UK capital markets have been described as a ‘backwater’ in the years since the 2016 Brexit referendum, with foreign investors averse to the extra risks and headwinds – and potential lack of reward – on offer in the wake of the country’s departure from the trading bloc.
Yet, while some may be keen to point the finger solely at Brexit, it’s not the only problem. The UK stock market has also developed a reputation as one for more traditional companies, while technology-focussed firms pick the US instead.
While it is not the only impediment to London’s pull when compared to rival markets like New York or Hong Kong, Brexit has weighed on Britain’s attractiveness as a destination to invest or list a business.
Chief economist and head of research at investment bank Panmure Gordon Simon French said: ‘Historically large investors allocated more to the UK than its economy probably justified because it had decent returns, an outsized financial sector and a relatively stable currency.

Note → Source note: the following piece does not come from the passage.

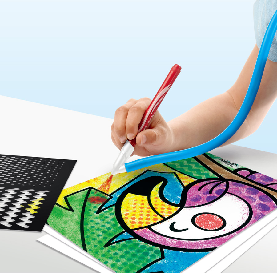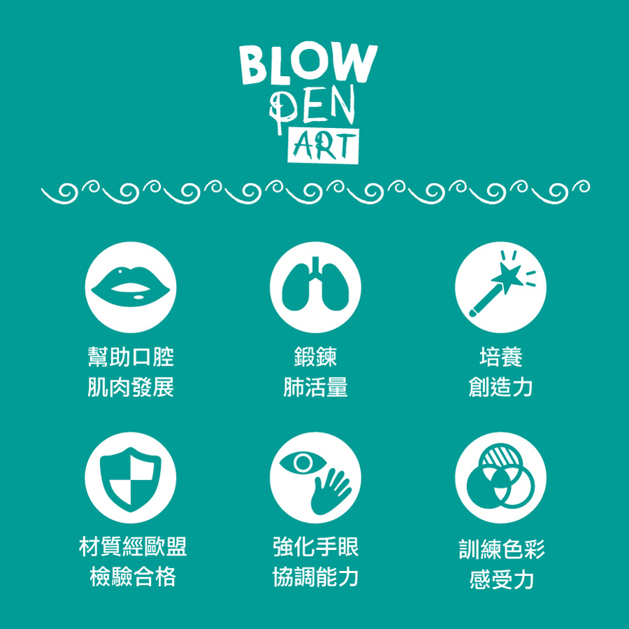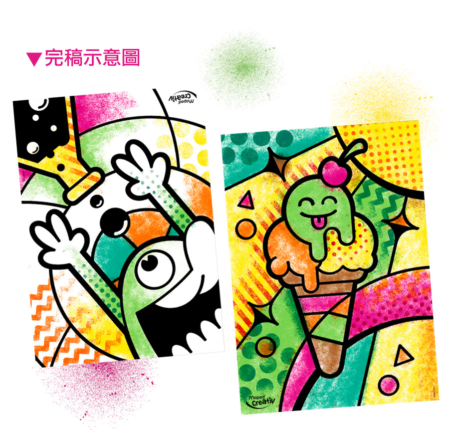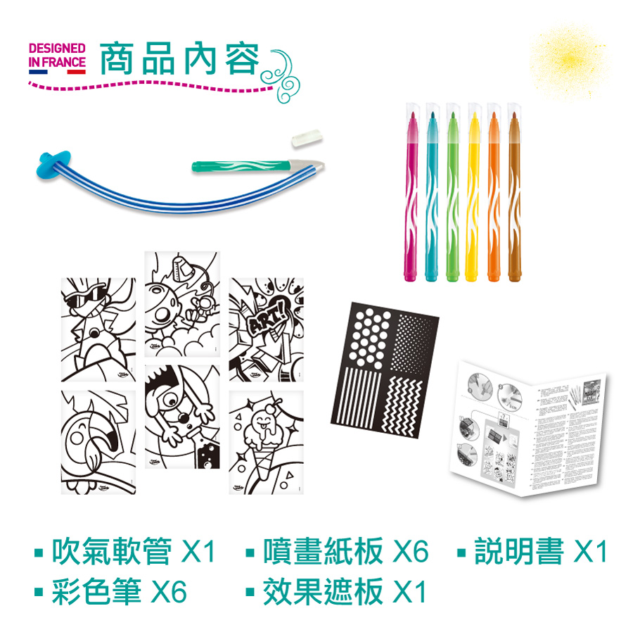 內附 : 吹氣軟管 X1、彩色筆 X6、噴畫紙板 X6、效果遮板 X1、說明書 X1

‘Since 2016, international investors haven’t taken a view on whether Brexit is good or bad, but they see it has created a lot of volatility in sterling and political instability. As a result they reduced their exposure to the UK.
‘If you’re being constructive, you would argue that as the dust settles, political stability improves, some of the costs of Brexit become more obvious, and some of the fears over Brexit don’t get realised, you can start to price the impact on UK companies more appropriately.
‘But at the moment that has been a trickle rather than a flood.’